▶ [INSTRUCTIONS FOR THE TASK]
Exact reproduction of the data is required, with images excluded.

▶ [RECORDED DATA]

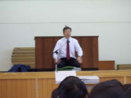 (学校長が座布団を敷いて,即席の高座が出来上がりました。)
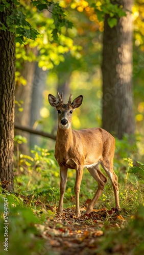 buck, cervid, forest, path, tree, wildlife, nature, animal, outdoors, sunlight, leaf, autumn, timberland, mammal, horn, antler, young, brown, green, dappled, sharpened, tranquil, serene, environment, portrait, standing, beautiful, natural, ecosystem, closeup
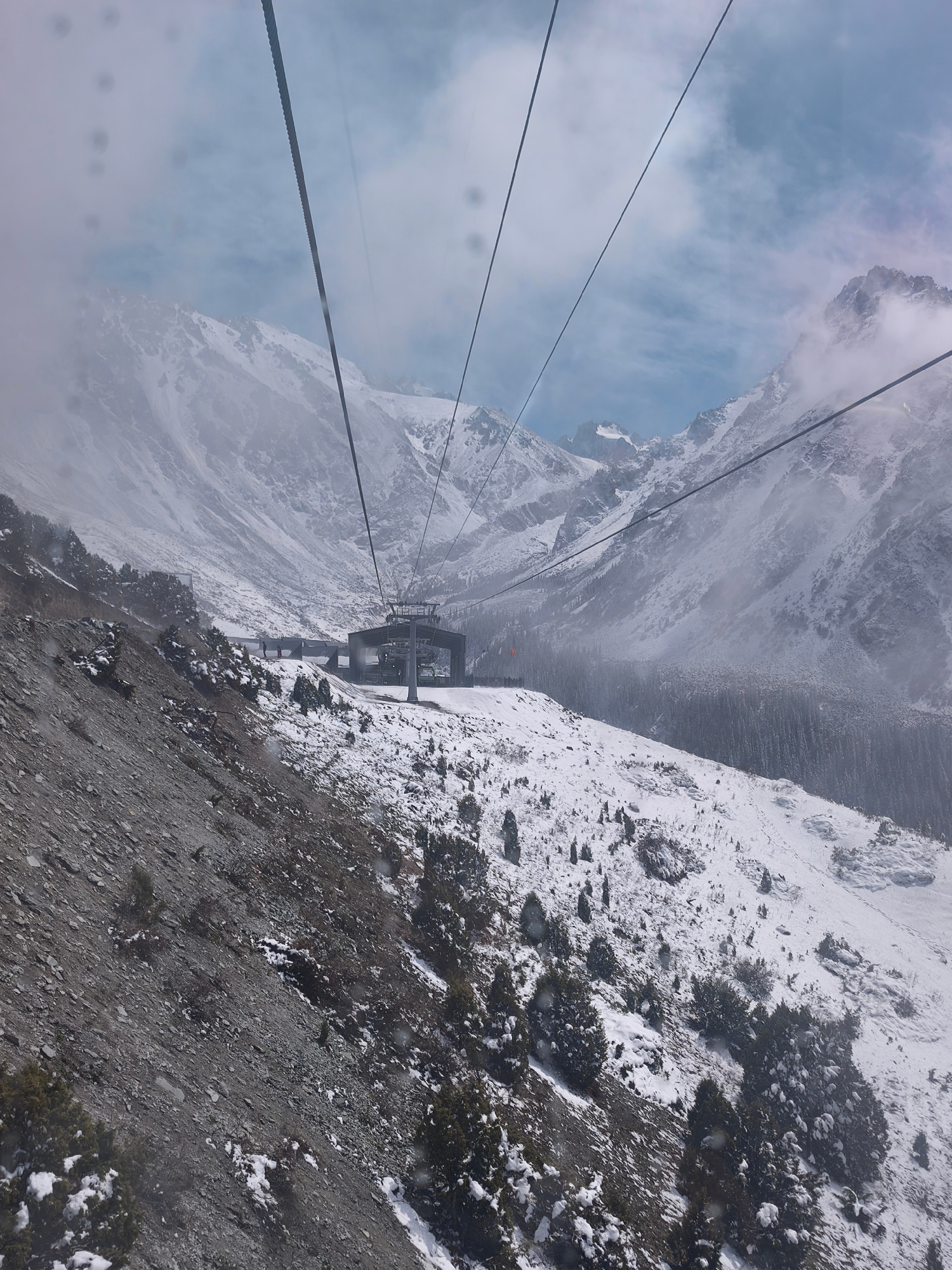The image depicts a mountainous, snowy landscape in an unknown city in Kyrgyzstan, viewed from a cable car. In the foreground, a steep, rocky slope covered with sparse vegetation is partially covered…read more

▶ [EXERCISE RESPONSE]
 (学校長が座布団を敷いて,即席の高座が出来上がりました。)
 buck, cervid, forest, path, tree, wildlife, nature, animal, outdoors, sunlight, leaf, autumn, timberland, mammal, horn, antler, young, brown, green, dappled, sharpened, tranquil, serene, environment, portrait, standing, beautiful, natural, ecosystem, closeup
The image depicts a mountainous, snowy landscape in an unknown city in Kyrgyzstan, viewed from a cable car. In the foreground, a steep, rocky slope covered with sparse vegetation is partially covered…read more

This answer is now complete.